Look below for the line that has "ပြည်ထောင်စုရွေးကောက်ပွဲကော်မရှင် ဥက္ကဋ္ဌနှင့် အဖွဲ့ဝင်များ"; output exactly from it through the line that has "政府作为经济与社会发展的管理", and leave the pictures out.

→ **Data excerpts**:
>>>
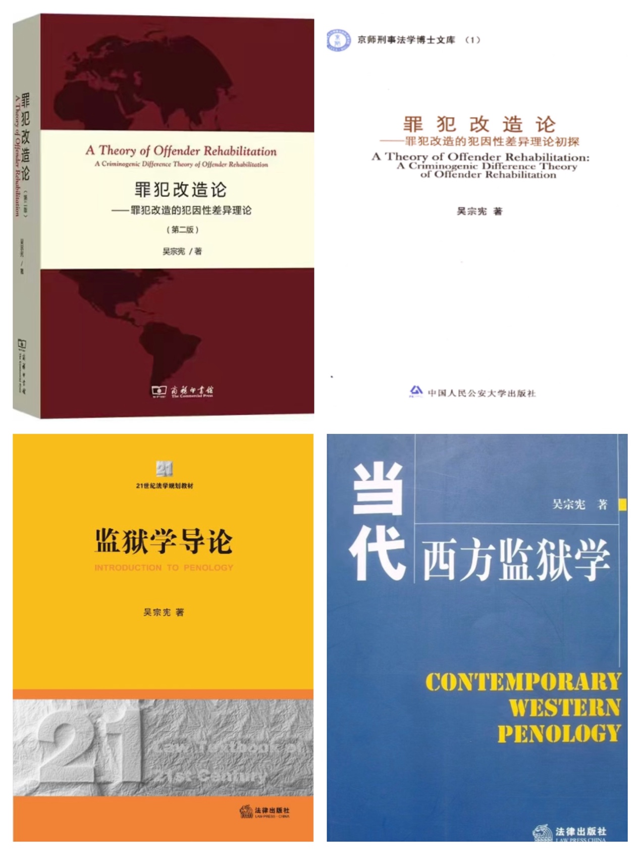 吴宗宪教授的主要研究领域包括犯罪学、监狱学、社区矫正和犯罪心理学,他是我国重要的资深监狱学研究者之一。从1984年在中国政法大学研究生院读二年级时修读“劳改法”(即后来的监狱学)课程、聆听原抚顺战犯管理所所长金源先生和原国民党战犯尚传道先生的讲座、参加大学生演讲团到山东的监狱和劳教所给犯人和劳教人员演讲开始,正式与监狱学结缘,40多年来,在监狱学领域深耕细作,进行了多方面的大量的工作。在研究方面,出版了种类较多的著作。其中,既有专门论述国外监狱学内容的《当代西方监狱学》(法律出版社2025年),也有全面阐述监狱学内容的《监狱学导论》(法律出版社2012年),以及侧重应用性研究的《中国现代化文明监狱研究》(主编,警官教育出版社1996年)和《我国监狱法修订研究》(主编,中国社会出版社2021年);既有系统论述国外罪犯心理矫治的《国外罪犯心理矫治》(中国轻工业出版社2004年),也有论述我国罪犯心理矫治的《中国服刑人员心理矫治》(主编,法律出版社2004年)和《中国服刑人员心理矫治技术》(主编,北京师范大学出版社2010年);还有专门论述罪犯改造理论的专著《罪犯改造论——罪犯改造的犯因性差异理论初探》(中国人民公安大学出版社2007年)和《罪犯改造论——罪犯改造的犯因性差异理论》(第二版,商务印书馆2019年)等。这些研究成果较为深入地探讨了监狱领域的相关内容,给学术研究和实务工作提供了很多参考信息和一些思考建议。
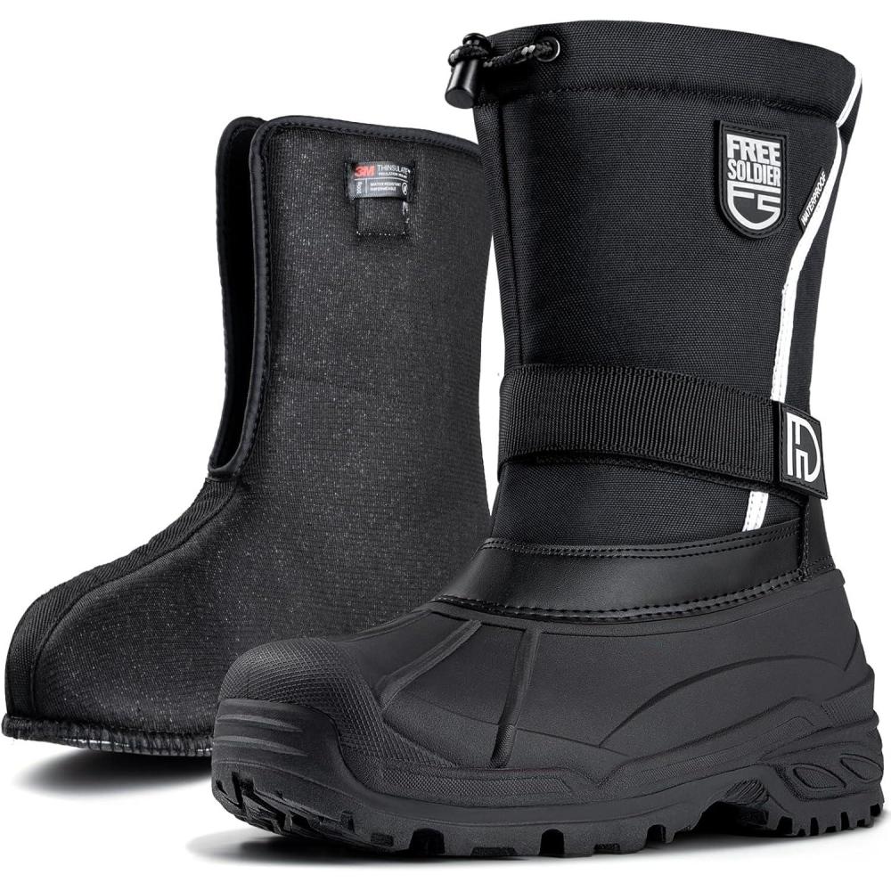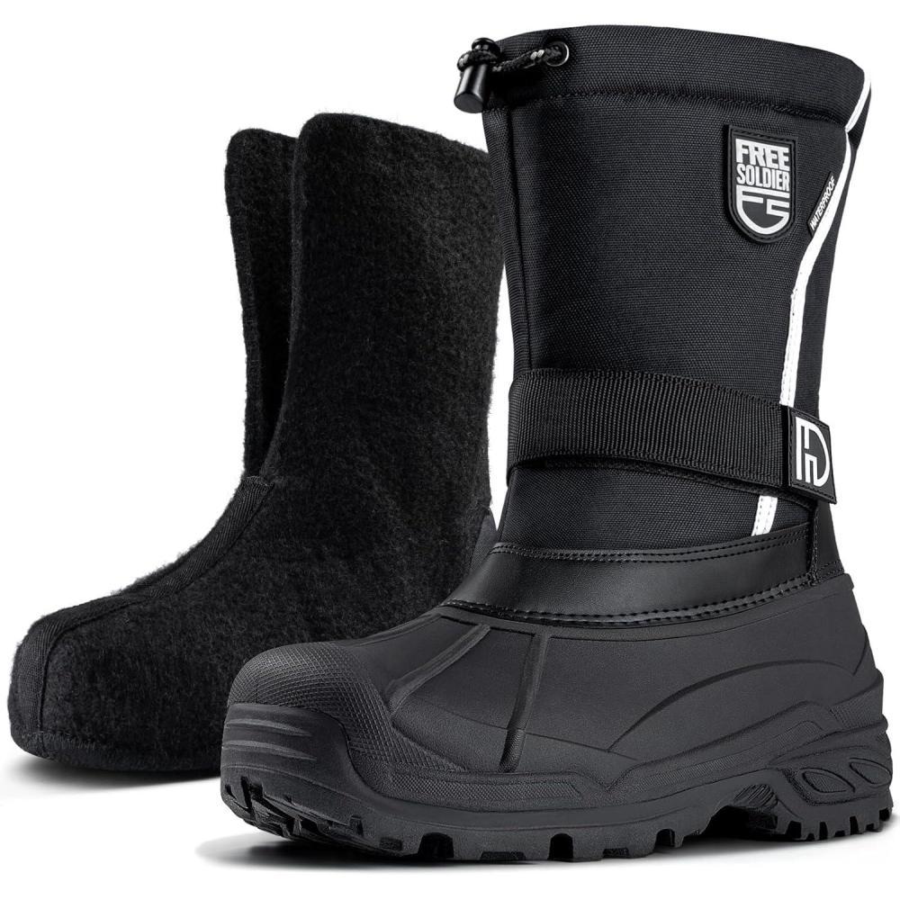 FREE SOLDIER Mens Snow Winter Boots for Men Warm Fleece Lining Winter Ski Shoes Waterproof Insulated Booties(Black)
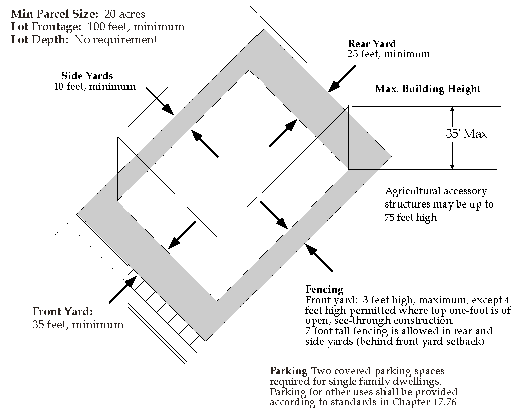 Building Height. The maximum height of residential structures shall be thirty-five (35) feet; the maximum height of agricultural accessory structures shall be seventy-five (75) feet.
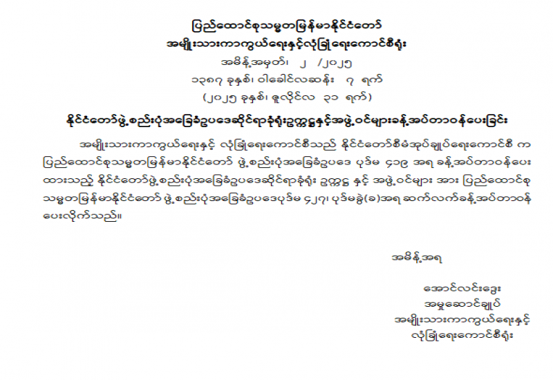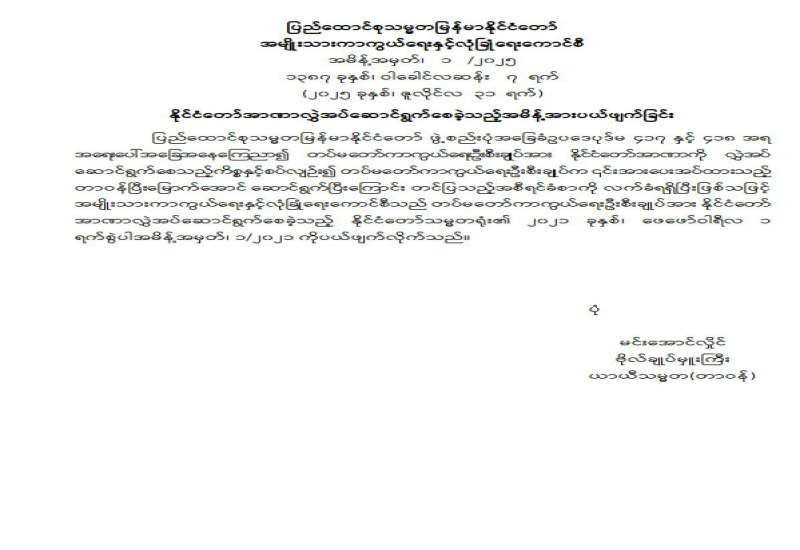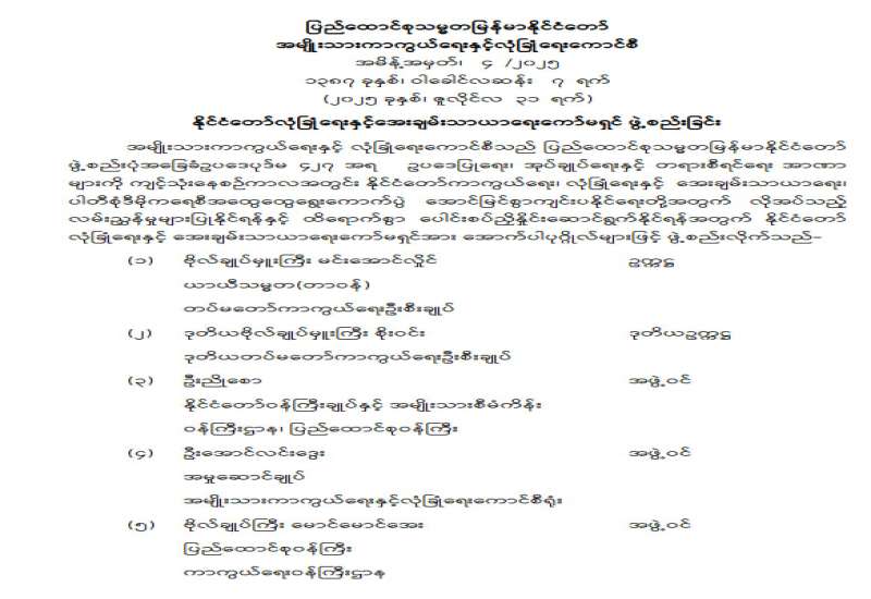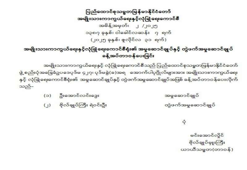 ပြည်ထောင်စုရွေးကောက်ပွဲကော်မရှင် ဥက္ကဋ္ဌနှင့် အဖွဲ့ဝင်များ ခန့်အပ်တာဝန်ပေးခြင်း
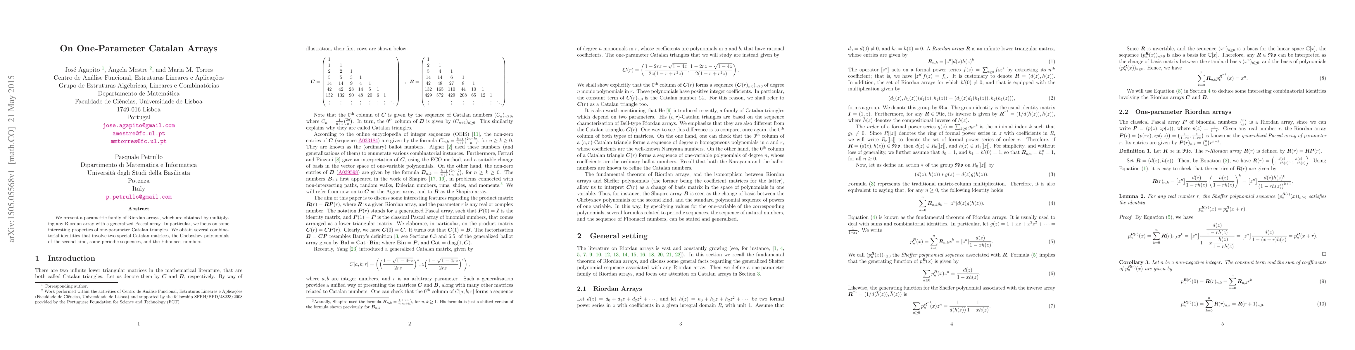 This paper introduces a parametric family of Riordan arrays formed by multiplying any Riordan array with a generalized Pascal array, highlighting properties of one-parameter Catalan triangles and deriving combinatorial identities involving Chebyshev polynomials, periodic sequences, and Fibonacci numbers.
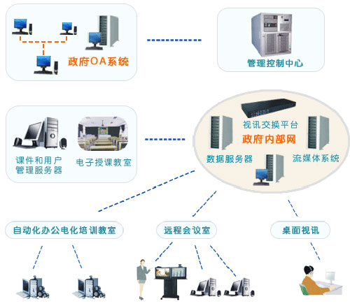 政府作为经济与社会发展的管理部门,经常需要召开各种会议,传达方针政策,布置工作,交流经验,因此视频会议系统需要能够支持召开跨地域的大规模会议,并拥有色彩饱满、清晰流畅的视音频及稳定不中断的保障。以前召开会议都得到指定会场集中,增加与会议人员的时间和车费,尤其地处偏远山区的政府开会,交通不便,与会人员奔波劳顿;会后的层层传达,不及时不准确,效率不高。一旦发生突发事件,因领导不能及时沟通、决策滞后而造成损失。要求通过视讯会议系统高清晰的视音频效果提高工作效率,节约会议经费。
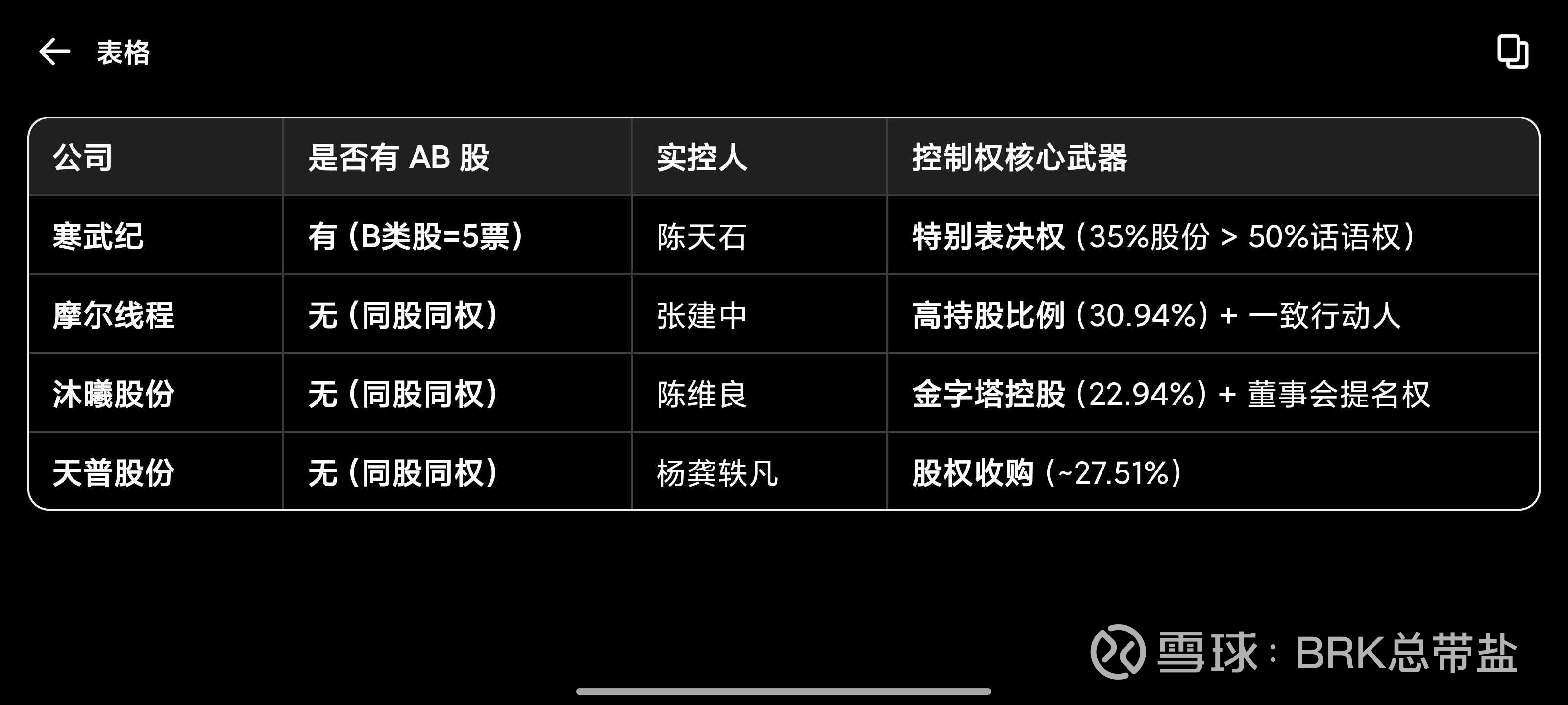 特别注意!这次摩尔和沐曦上市都没有像寒武纪一样设置特别投票权,因为他们1、不敢设(门槛高): 担心因为架构问题增加IPO审核的不确定性。2、不能设(融资难): 为了迎合国资和产业资本的出资要求,必须在股权结构上保持“公平”。3、不必设(团队稳): 员工持股平台早就建立,公司治理结构比较完善,且处于急需资金扩张的阶段,融资比死守控制权更重要。
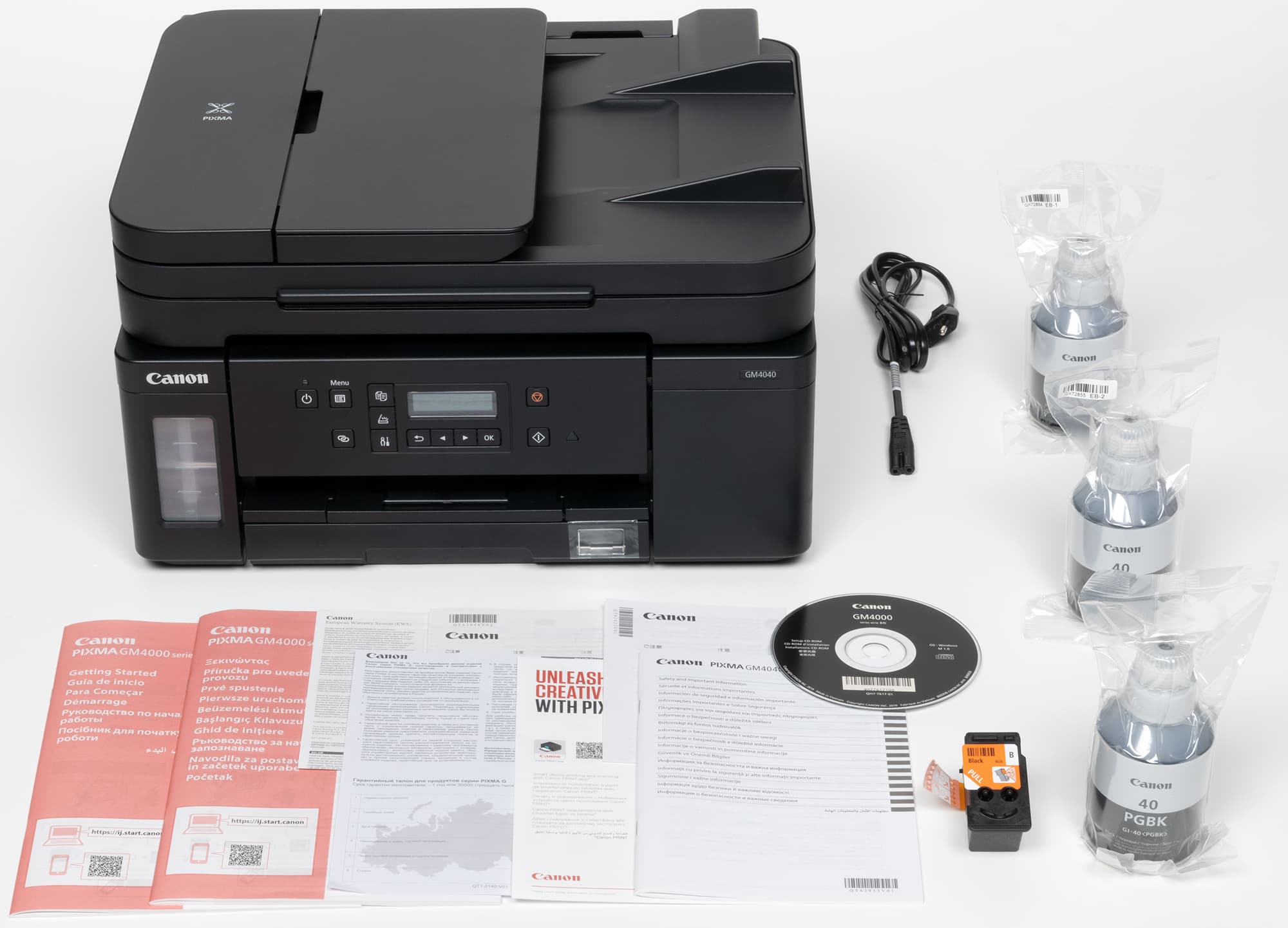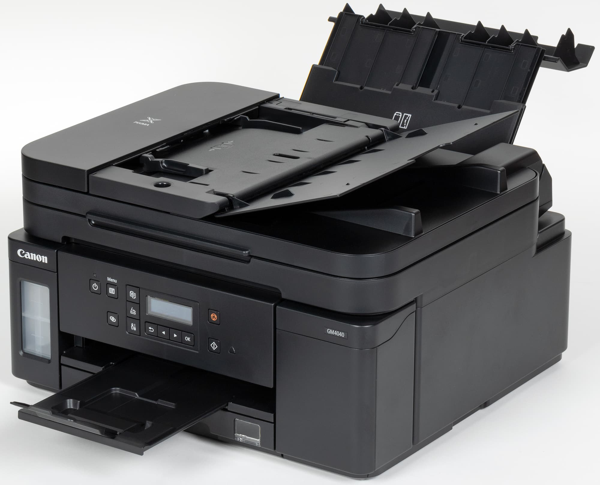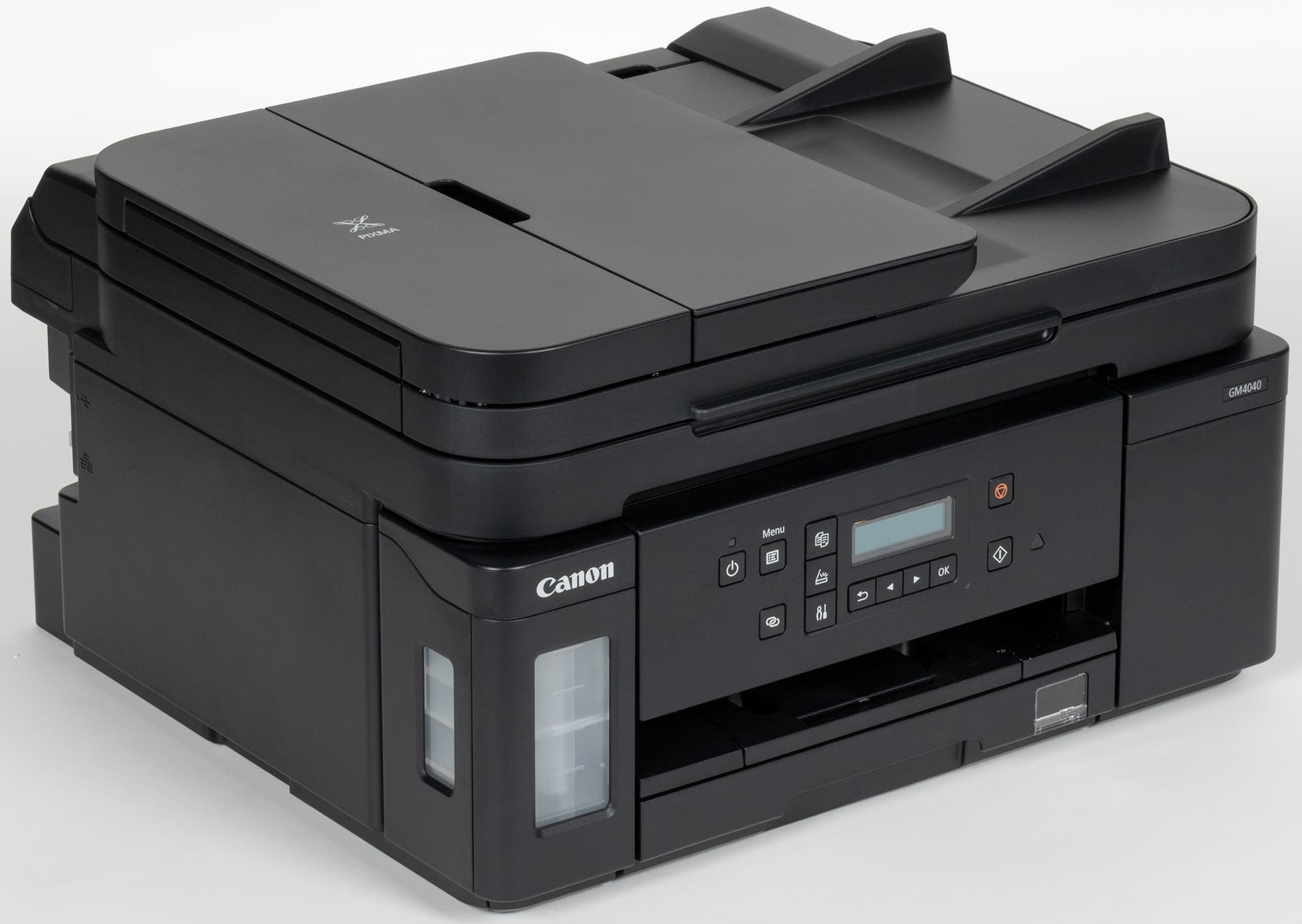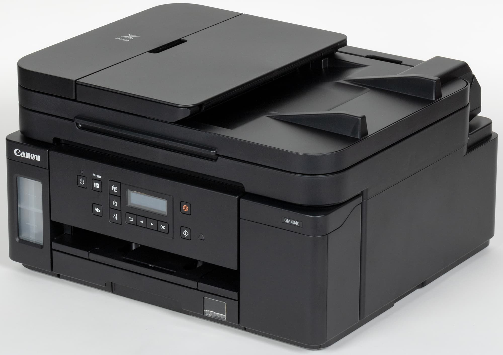 Есть такие устройства и в линейке Pixma G компании Canon: в одном из обзоров мы упоминали черно-белый принтер GM2040, а теперь рассмотрим монохромное МФУ «3 в 1» (или, как его именуют в официальных материалах, многофункциональный принтер) Canon Pixma GM4040.
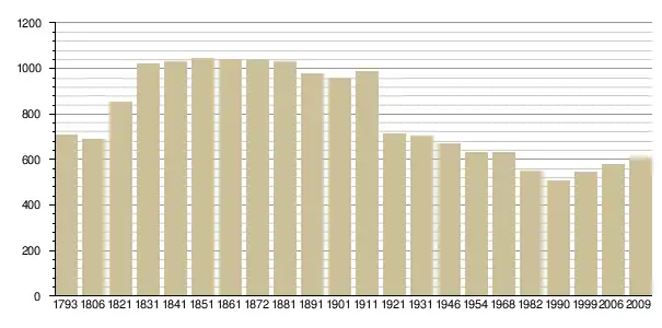 Динаміка населення (base Cassini de l'EHESS pour les nombres retenus jusque 1962[3], base Insee à partir de 1968 (population sans doubles comptes puis population municipale à partir de 2006)[4] · [5] ):
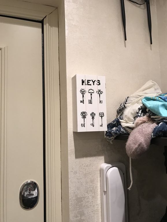 Висит на двустороннем скотче:)))) пока, муж сказал маленький крючок сделает:)))
<<<
→ **ANSWER FOR THIS EXERCISE**:
 ပြည်ထောင်စုရွေးကောက်ပွဲကော်မရှင် ဥက္ကဋ္ဌနှင့် အဖွဲ့ဝင်များ ခန့်အပ်တာဝန်ပေးခြင်း
 This paper introduces a parametric family of Riordan arrays formed by multiplying any Riordan array with a generalized Pascal array, highlighting properties of one-parameter Catalan triangles and deriving combinatorial identities involving Chebyshev polynomials, periodic sequences, and Fibonacci numbers.
 政府作为经济与社会发展的管理部门,经常需要召开各种会议,传达方针政策,布置工作,交流经验,因此视频会议系统需要能够支持召开跨地域的大规模会议,并拥有色彩饱满、清晰流畅的视音频及稳定不中断的保障。以前召开会议都得到指定会场集中,增加与会议人员的时间和车费,尤其地处偏远山区的政府开会,交通不便,与会人员奔波劳顿;会后的层层传达,不及时不准确,效率不高。一旦发生突发事件,因领导不能及时沟通、决策滞后而造成损失。要求通过视讯会议系统高清晰的视音频效果提高工作效率,节约会议经费。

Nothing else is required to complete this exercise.